Once the number of individuals to be selected is determined, another important step is to specify the target population of individuals to whom statistical inference will be made. Having done so, a sample would ideally be drawn from that group. However, this is not possible often. The next course of action is to specify a sample that is as demographically similar to the target population as possible. The group of individuals that will compose the sample is often referred to as the “volunteer crew” or simply the “sample crew”, Mansfield and Wayman [5]. The more similar the sample crew is to the target population the more probable it will be that the estimates based upon the sample crew will be applicable to the target population. Often the sample crew is chosen to be a convenience sample, Hahn and Meeker [1]. Methodology for best selecting the sample crew is an open area of research in biometrics.

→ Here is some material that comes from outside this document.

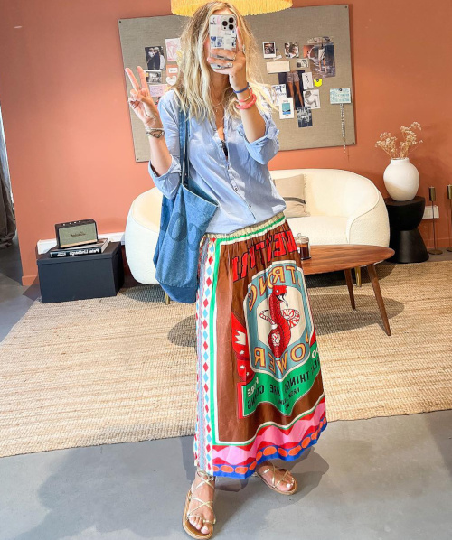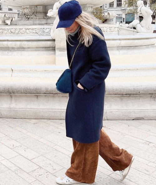 Offrir de la profondeur au duo bordeaux/bleu marine en mixant les textures et en y insérant un motif chaleureux (voir ici). Jeter son dévolu sur des pièces jouant subtilement avec les codes, à l'instar de cet ample combishort aux détails unisexe décliné en rose délavé (voir ici). Réhausser le combo kaki/bleu marine d'un zeste de jaune acide (voir ici). En été, faire la part belle au mix blanc/marron (voir ici). Investir dans des baskets colorées susceptibles de relever n'importe quel pantalon un brin sage (voir ici). Casser le côté casual de la salopette en jean en y glissant une blouse à col volanté, tout en évitant le premier degré romantique en optant pour un modèle à rayures masculines (voir ici). Intercaler un gilet sans manches joyeusement velu entre son sweat à capuche et son blazer en drap de laine (voir ici). Apaiser les froufrous en les choisissant ornant un tissu de facture masculine (voir ici). Associer combi de garagiste bien coupée et accessoires girly/bohèmes (voir ici). Laisser dépasser d'un jean large la pointe de souliers rose fluo (voir ici). Associer jean clair et velours côtelé bleu marine (voir ici). Toujours privilégier les matières confortables (voir ici). Travailler ses looks casual dans des textures upgradant la silhouette : ici un pull gris en cachemire à la place d'un sweat gris et un pantalon large en velours à la place d'un jean brut large (voir ici). Accompagner ses pantalons larges marron d'un manteau droit 3/4 bleu marine (voir ici). Oser marier patchwork et duo de pièces aux coloris forts (voir ici). Allier confort et allure en misant régulièrement sur le trio pantalon large masculin/pull en cachemire un peu ample grand col V/baskets (voir ici, ici et là). Associer sequins et toile de jean déchirée (voir ici). Twister le duo trench camel/jean 7/8 en chaussant des mocassins folks (voir ici). Faire confiance au rose fluo pour sublimer son teint (voir ici). Réhausser ses chemises masculines via un ample chèche ocre (voir ici). Ne jamais hésiter à adjoindre un accessoire folk au tandem jean large/tee-shirt imprimé (voir ici). Chiciser le mix tee-shirt universitaire/short en jean destroy en lui mariant un gilet légèrement long, col rond, de bonne facture et arborant une teinte un peu plus intense que celle du tee-shirt (voir ici).

One useful tool for extrapolation from estimates based upon the “crew” is post-stratification. Poststratificati​on is a statistical tool for weighting a sample representation after the sample has been taken so that resulting estimates reflect the known population. Suppose that, there are H non-overlapping demographic groups of interest, or strata, and n h individuals have been sampled from among the N h total individuals in each strata. Further suppose that estimates of the error rate, \(\hat{{\gamma }}_{h}\), from each of the strata are known. Then a poststratified estimate of the error rate is
$$\hat{{\gamma }}_{ps} ={{\sum \limits_{h=1}^{H} {{n}_{h}\over { N}_{h}}\hat{{\gamma }}_{h}}}.$$
(8)
An estimate of the variability of the predicted error rate is
$$\hat{V }[\hat{{\gamma }}_{ps}] ={ {\sum \limits_{h=1}^{H}{\left( {{n}_{h}\over { N}_{h}}\right)}^{2}\hat{V }[\hat{{\gamma }}_{ h}],}}$$
(9)
where \(\hat{V }[\hat{{\gamma }}_{h}]\) can be calculated using the equation found above. A (1 − α) × 100% poststratification confidence interval for the process error rate can then be made using
$$\hat{{\gamma }}_{ps} \pm {z}_{\alpha /2}\sqrt{\hat{V }[\hat{{\gamma }}_{ps } ]}.$$
(10)
As above, use of the Gaussian distribution here is justified by the fact that the estimated error rate, \(\hat{{\gamma }}_{ps}\), is a linear combination of random variables.

Summary

Testing and evaluation of biometric devices is a difficult undertaking. Two crucial elements of this process are the selection of the number of individuals from whom to collect data and the selection of those individuals. Determining the number of individuals to test can be calculated based on (7). To obtain the number of individuals that need to be tested, some process quantities need to be specified. These specification can be based on previous studies, pilot studies or on qualified approximations. Selection of the “crew” for a study is a difficult process. Ideally a sample from the target population is the best, but a demographically similar “crew” is often more attainable. The inference from a demographically similar crew can be improved by the use of poststratification.